### INFORMATION SHOWN

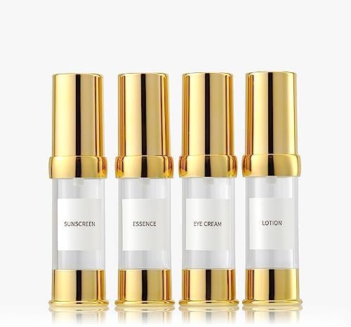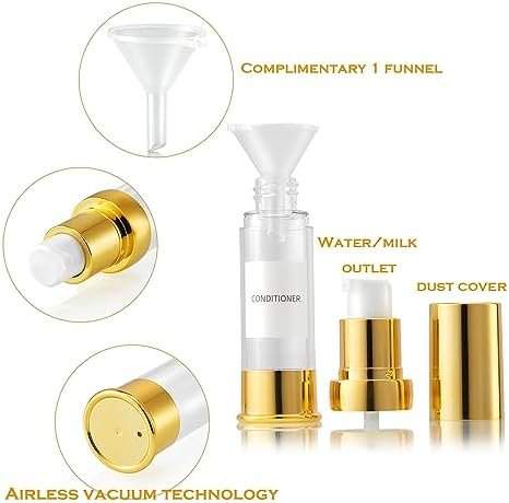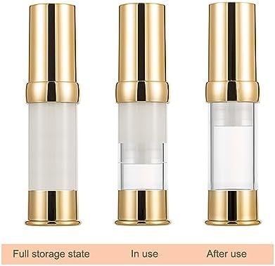 Noble Appearance & High Quality: This pump bottle dispenser for skin care, travel bottle, airless pump bottles, is composed of exquisite gold and transparent colors. The environmentally-friendly material can be reused and used safely. It can be used for lotion, hair oil, toner, liquid foundation, hand sanitizer, etc.
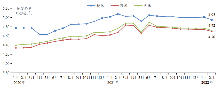 批发市场大米价格环比下跌。据省农业信息监测体系数据,2月大米批发均价为4.72元/公斤,环比下跌1.0%,同比下跌0.9%;其中籼米批发价格为4.70元/公斤,环比下跌0.8%,同比上涨0.5%;粳米批发价格为4.95元/公斤,环比下跌1.2%,同比下跌2.5%。
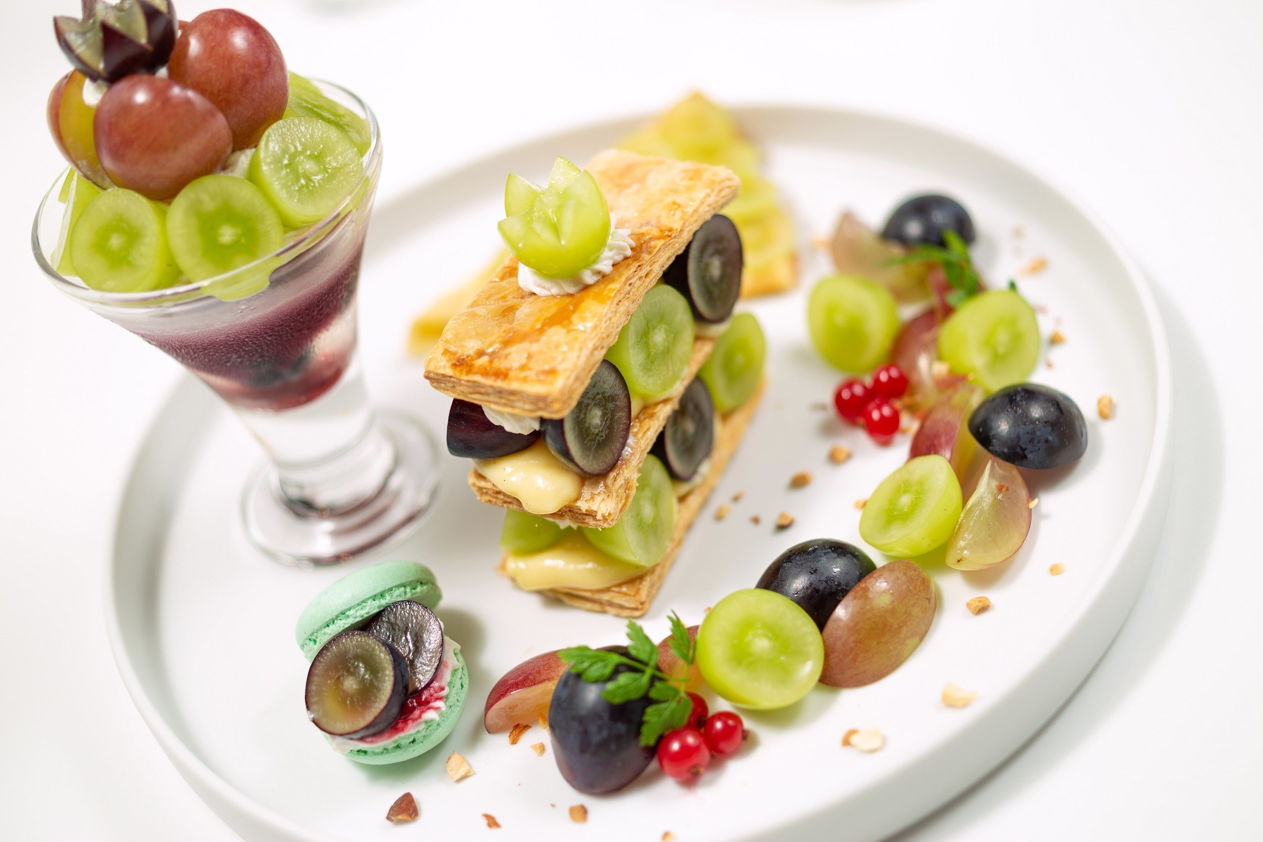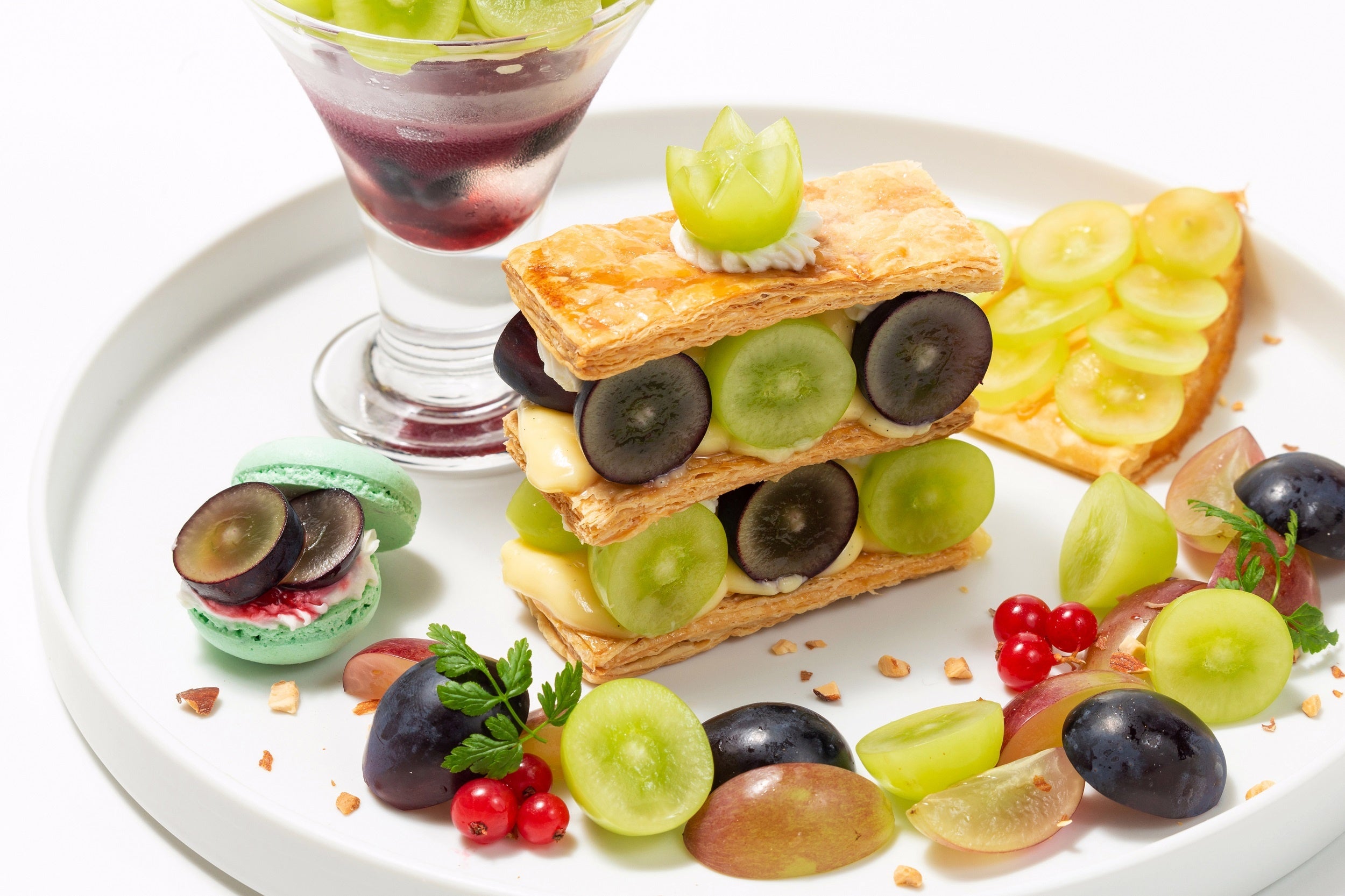 自家製の甘酸っぱいぶどうのコンフィチュールを使用した炭酸が爽やかな「スパークリンググレープ(ノンアルコールカクテル)」をはじめとして、フルーツと相性抜群のクリームとサクサクの生地を重ねた「シャインマスカットとナガノパープルのミルフィーユ」、グリーンと紫色の色合いが鮮やかな「ナガノパープルと抹茶マカロン」、キャラメルソースとシャインマスカットの組み合わせが楽しめる「シャインマスカットのキャラメルクレープ」、シャインマスカット・ナガノパープル・クイーンルージュの3色のぶどうを食べ比べできる「3種のぶどうミニパフェ」の計5種類のスイーツや飲み物で、ぶどうの様々な味わいをお楽しみいただけます。また、併せてセットになるコーヒー又は紅茶(ホット又はアイス)は、4種の中から1種が飲み放題となります。
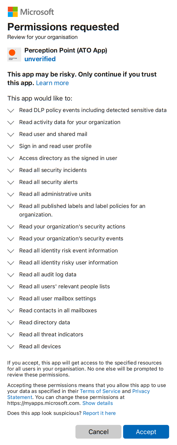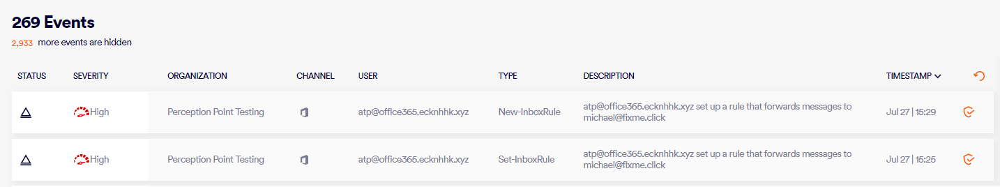If you don't see any ATO-related events after 24 hours, contact FortiMail Workspace Security Support [support@perception-point.io] for assistance.

######

--- ASSIGNMENT ---
Apart from the pictures, all of the data must be duplicated exactly as shown above.

--- PROBLEM SOLUTION ---
 Noble Appearance & High Quality: This pump bottle dispenser for skin care, travel bottle, airless pump bottles, is composed of exquisite gold and transparent colors. The environmentally-friendly material can be reused and used safely. It can be used for lotion, hair oil, toner, liquid foundation, hand sanitizer, etc.
 批发市场大米价格环比下跌。据省农业信息监测体系数据,2月大米批发均价为4.72元/公斤,环比下跌1.0%,同比下跌0.9%;其中籼米批发价格为4.70元/公斤,环比下跌0.8%,同比上涨0.5%;粳米批发价格为4.95元/公斤,环比下跌1.2%,同比下跌2.5%。
 自家製の甘酸っぱいぶどうのコンフィチュールを使用した炭酸が爽やかな「スパークリンググレープ(ノンアルコールカクテル)」をはじめとして、フルーツと相性抜群のクリームとサクサクの生地を重ねた「シャインマスカットとナガノパープルのミルフィーユ」、グリーンと紫色の色合いが鮮やかな「ナガノパープルと抹茶マカロン」、キャラメルソースとシャインマスカットの組み合わせが楽しめる「シャインマスカットのキャラメルクレープ」、シャインマスカット・ナガノパープル・クイーンルージュの3色のぶどうを食べ比べできる「3種のぶどうミニパフェ」の計5種類のスイーツや飲み物で、ぶどうの様々な味わいをお楽しみいただけます。また、併せてセットになるコーヒー又は紅茶(ホット又はアイス)は、4種の中から1種が飲み放題となります。
If you don't see any ATO-related events after 24 hours, contact FortiMail Workspace Security Support [support@perception-point.io] for assistance.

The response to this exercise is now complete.